I know that $\nabla_{\textbf{w}}\text{RSS}(\textbf{w})=\nabla((y-\text{H}\textbf{w})^{T}(y-\text{H}\textbf{w}))=-2\text{H}^{T}(y-\text{H}\textbf{w})$. However, I am having trouble deriving this via the product rule. (I know there are other ways to do this but I am particularly interested in this method)
Here is what I have so far
$$\nabla((y-\text{H}\textbf{w})^{T}(y-\text{H}\textbf{w}))\\ =\nabla((y^{T}-\textbf{w}^T\text{H}^T)(y-\text{H}\textbf{w})) \\ =(-\text{H})(y-\text{H}\textbf{w}) +(y^{T}-\textbf{w}^T\text{H}^T)(-\text{H}) \\ =(-\text{H})(y-\text{H}\textbf{w}) +(y-\text{H}\textbf{w})^{T}(-\text{H}) $$
This is not equal to the proven gradient, nor is it even defined.
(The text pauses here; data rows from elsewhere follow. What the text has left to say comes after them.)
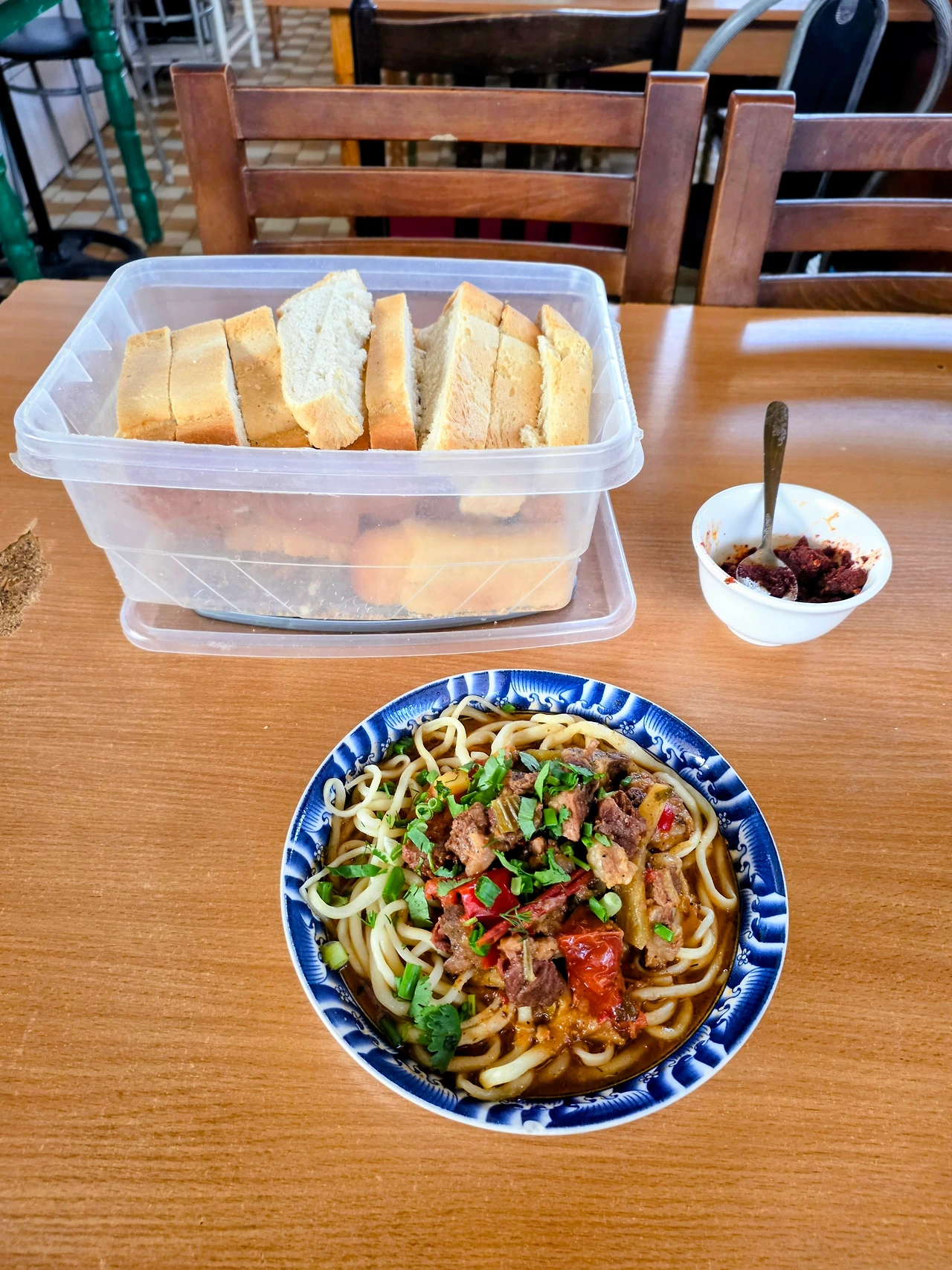 그릇을 들고 한쪽에 서 있었는데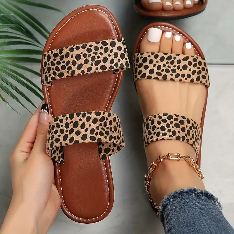 La sandale Léopard, conçue pour les femmes qui savent allier audace et raffinement. Ces sandales plates à motif léopard transforment instantanément une tenue basique en un look tendance. C'est la paire parfaite pour toutes les femmes. Vous savez, cette paire qui traîne toujours près de la porte d'entrée parce qu'elle va avec tout et qu'elle est si confortable qu'on la choisit instinctivement.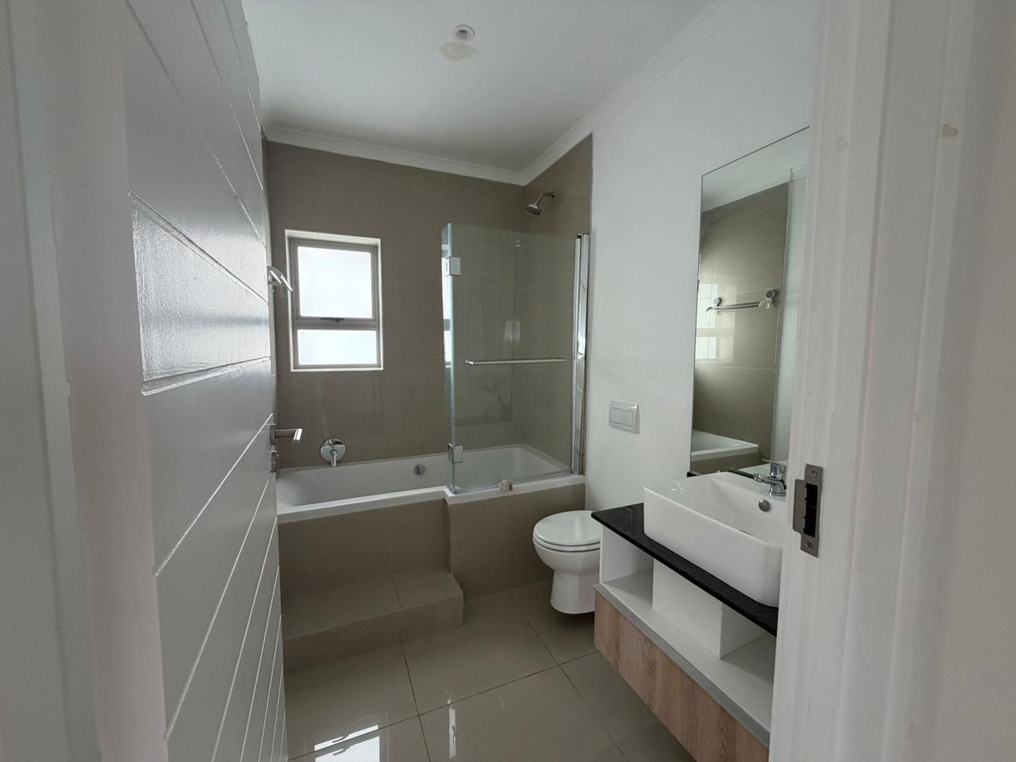 This modern townhouse offers 2 bedrooms with built-in cupboards. The main bedroom features an en-suite bathroom with shower, basin and toilet, while the family bathroom includes a bath with shower screen, basin and toilet.

Where have I gone wrong?
Multivariate gradient can be confusing, especially regarding when we should transpose the vector(s). If you have just started learning, I recommend to check using the indices notation:
$$ RSS= \left( y_{i}-H_{ip}w_{p} \right) \left( y_{i}-H_{iq}w_{q} \right) $$
Here we use the Einstein notation: when two matching indices are present in a product, it means sum of products over all possible values of that index. Now the gradient:
$$ \begin{aligned} \left(\nabla RSS\right)_{j} &= \frac{\partial}{\partial w_{j}}RSS \\ &= -H_{ij}\left(y_{i}-H_{iq}w_{q}\right)- \left(y_{i}-H_{ip}w_{p}\right)H_{ij} \\ &= -2H_{ij}\left(y_{i}-H_{ip}w_{p}\right) \end{aligned} $$
Now we convert it back to matrix - vector notation:
$$ \nabla RSS=-2\mathbf{H}^{\top}\left(\mathbf{y}-\mathbf{H}\mathbf{w}\right) $$
So your mistake is in the second term of LHS on the second row, you should transpose that term and you will get the correct expression.